= Data to examine =
····················
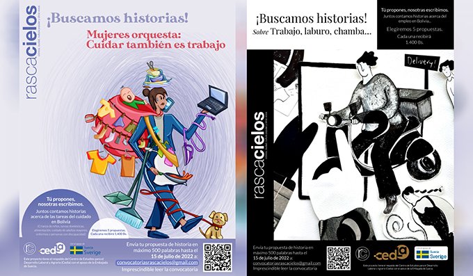 La Paz, junio de 2022. “La Revista Rascacielos te convoca a proponer una historia real –propia o de alguien conocido– que refleje tu/su experiencia laboral. Dicha historia será la base para que nosotras escribamos una crónica acerca del empleo en el país actualmente”. Así se presentan las convocatorias públicas que lanzaron el CEDLA y Rascacielos, de manera conjunta, en una innovadora alianza que une la crónica periodística y el necesario análisis sobre el empleo que ambas entidades plantean desarrollar y divulgar durante las siguientes semanas.
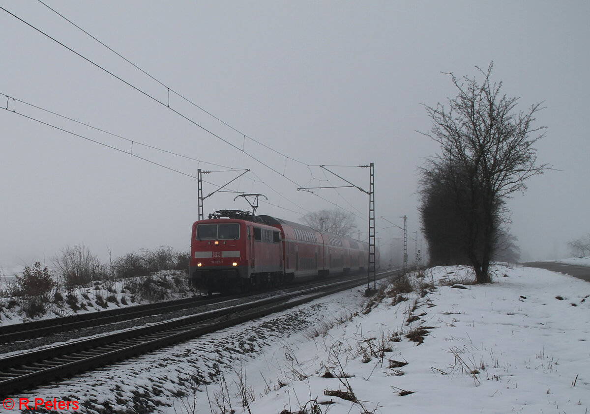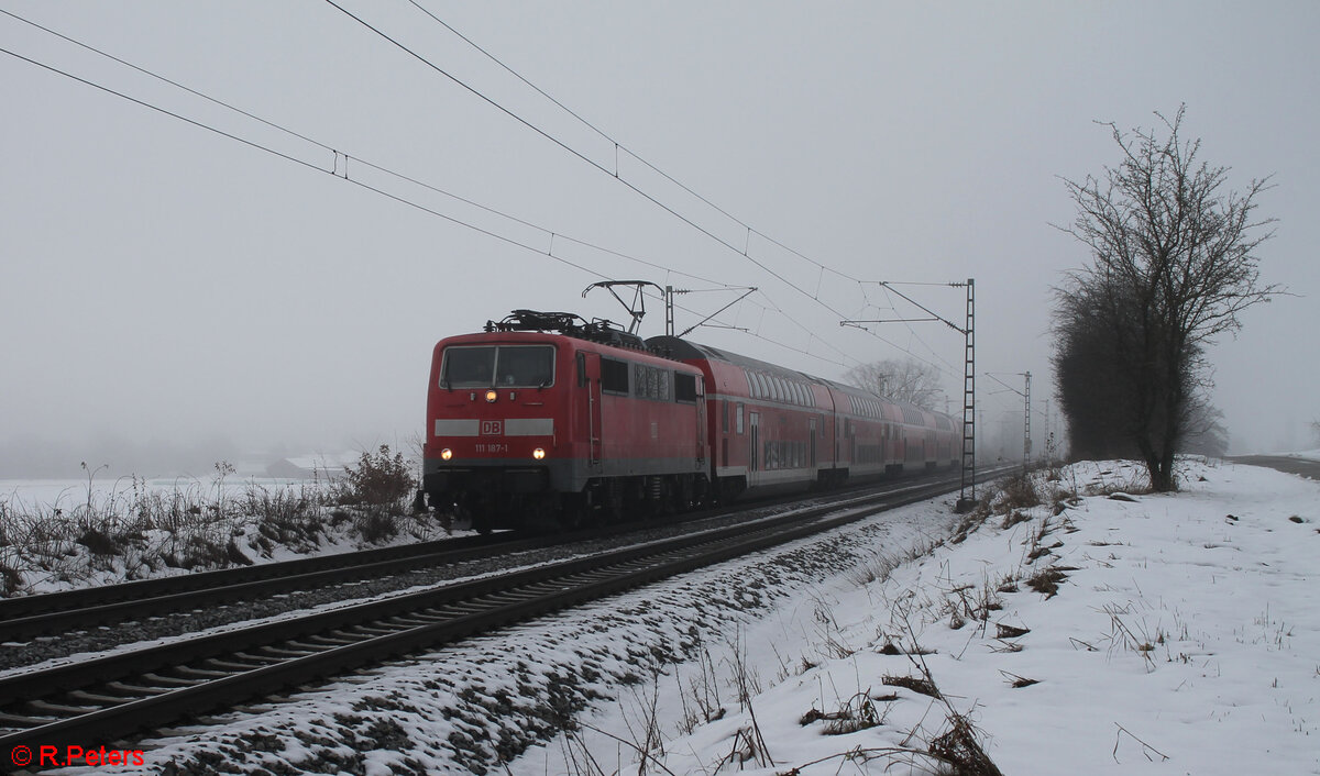 111 187-1 zieht bei Pölling den RE50 München - Regensburg - Nürnberg. 09.12.23
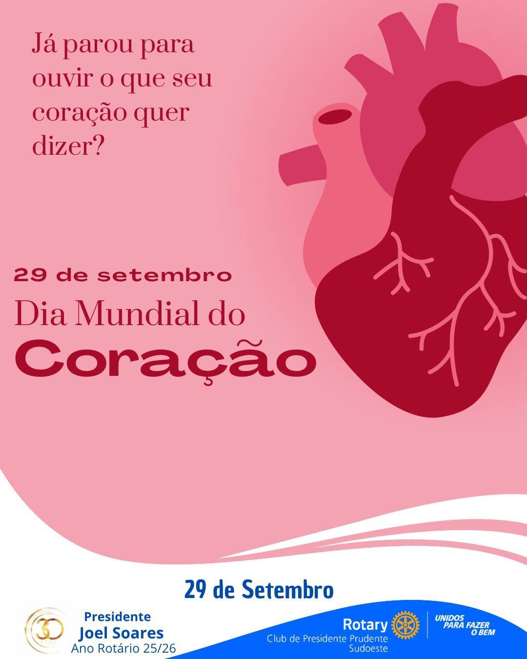No Rotary Club de Presidente Prudente Sudoeste, acreditamos que transformar vidas começa por cuidar daquilo que as mantém vivas. Neste 29 de setembro, data em que se celebra o Dia Mundial do Coração, reforçamos a importância da saúde cardiovascular como base para uma vida plena, ativa e consciente.
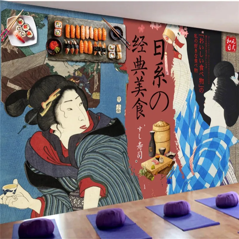 Японский Ukiyo-e Beauties культура фон настенная бумага 3D японская кухня суши Ресторан промышленный Декор настенная бумага 3D
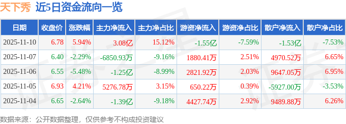 证券之星消息,截至2025年11月10日收盘,天下秀(600556)报收于6.78元,上涨5.94%,换手率16.47%,成交量297.8万手,成交额20.36亿元。
····················
Excluding all images, transcribe the material word for word.

= Answer space =
 La Paz, junio de 2022. “La Revista Rascacielos te convoca a proponer una historia real –propia o de alguien conocido– que refleje tu/su experiencia laboral. Dicha historia será la base para que nosotras escribamos una crónica acerca del empleo en el país actualmente”. Así se presentan las convocatorias públicas que lanzaron el CEDLA y Rascacielos, de manera conjunta, en una innovadora alianza que une la crónica periodística y el necesario análisis sobre el empleo que ambas entidades plantean desarrollar y divulgar durante las siguientes semanas.
 111 187-1 zieht bei Pölling den RE50 München - Regensburg - Nürnberg. 09.12.23
No Rotary Club de Presidente Prudente Sudoeste, acreditamos que transformar vidas começa por cuidar daquilo que as mantém vivas. Neste 29 de setembro, data em que se celebra o Dia Mundial do Coração, reforçamos a importância da saúde cardiovascular como base para uma vida plena, ativa e consciente.
 Японский Ukiyo-e Beauties культура фон настенная бумага 3D японская кухня суши Ресторан промышленный Декор настенная бумага 3D
 证券之星消息,截至2025年11月10日收盘,天下秀(600556)报收于6.78元,上涨5.94%,换手率16.47%,成交量297.8万手,成交额20.36亿元。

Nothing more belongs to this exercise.